10.29.2018

Media, Health Leaders, & Advocates Weigh in on Question 1

Globe Editorializes Against Question 1

Last week, The Boston Globe weighed in on Question 1 to urge a NO vote.

The Globe wrote:

“… Question 1 would probably have costs and consequences for access to care: adding up to $1 billion a year in expenses, hurting community hospitals, reducing the number of psychiatric beds, and sidelining other caregivers. The question’s proponents need to demonstrate to voters why they should accept those risks. They haven’t. In fact, there is no conclusive evidence that a nurse staffing law will lead to better care. And without clear evidence, a yes vote on Question 1 represents too much of a gamble for a health care system that is already considered one of the best in the world …. Massachusetts hospitals typically lose money on behavioral health and already have trouble hiring psychiatric nurses. If the ratios go into effect, the lack of available nurses, plus the cost, would force many of those providers simply to close units. The state could be losing an estimated 1,000 psychiatric beds, in the midst of an opioid epidemic.”

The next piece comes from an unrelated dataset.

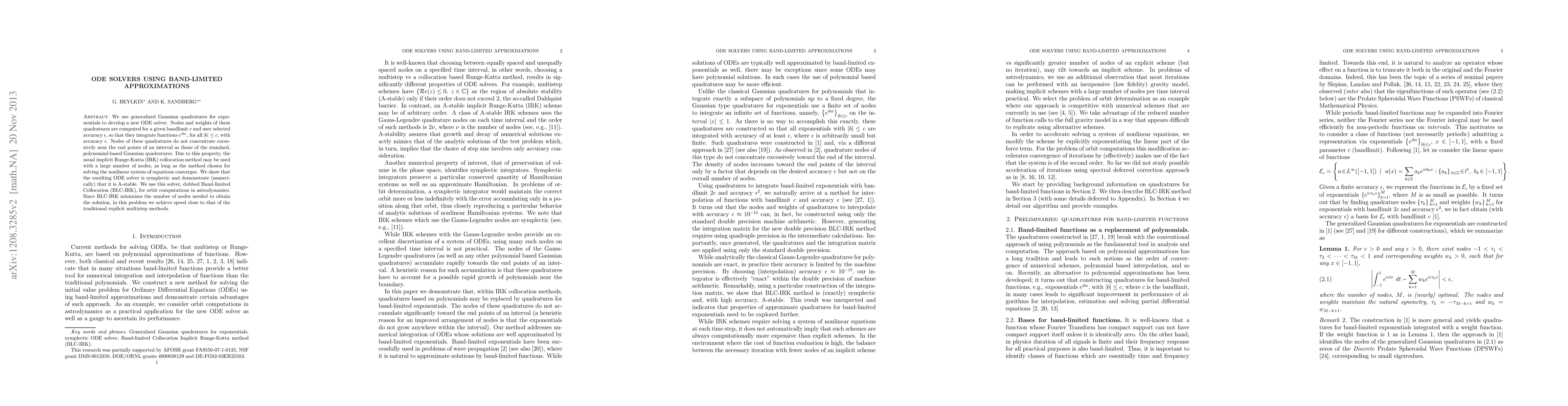 We use generalized Gaussian quadratures for exponentials to develop a new ODE solver. Nodes and weights of these quadratures are computed for a given bandlimit $c$ and user selected accuracy $\epsilon$, so that they integrate functions $e^{ibx}$, for all $|b|\le c$, with accuracy $\epsilon$. Nodes of these quadratures do not concentrate excessively near the end points of an interval as those of the standard, polynomial-based Gaussian quadratures. Due to this property, the usual implicit Runge Kutta (IRK) collocation method may be used with a large number of nodes, as long as the method chosen for solving the nonlinear system of equations converges. We show that the resulting ODE solver is symplectic and demonstrate (numerically) that it is A-stable. We use this solver, dubbed Band-limited Collocation (BLC-IRK), in the problem of orbit determination. Since BLC-IRK minimizes the number of nodes needed to obtain the solution, in this problem we achieve speed close to that of explicit multistep methods.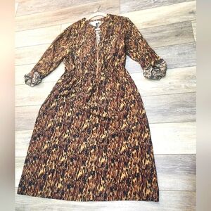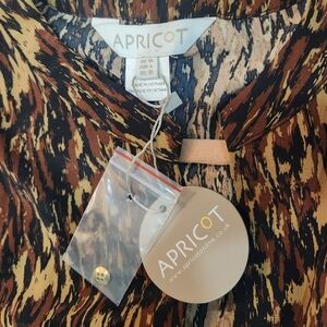 Apricot Texture Print Zip Midi Dress Size 10. New with tags. Perfect for spring and summer. Such a great dress. Nice and cool material and flowy with pretty brown tan and black colors and gold zipper detail. I'm a highly rated fast shipper.

Addressing a common question among voters – namely, why a question regulating patient care is even up for a public vote, as opposed to at least undergoing reasoned legislative deliberations – the Globe wrote:

“The union’s efforts on Beacon Hill have failed for a reason. There’s not enough evidence that making hospitals hire more registered nurses would further the overarching goals of access, affordability, and quality, and too many reasons to fear it might backfire on all three.”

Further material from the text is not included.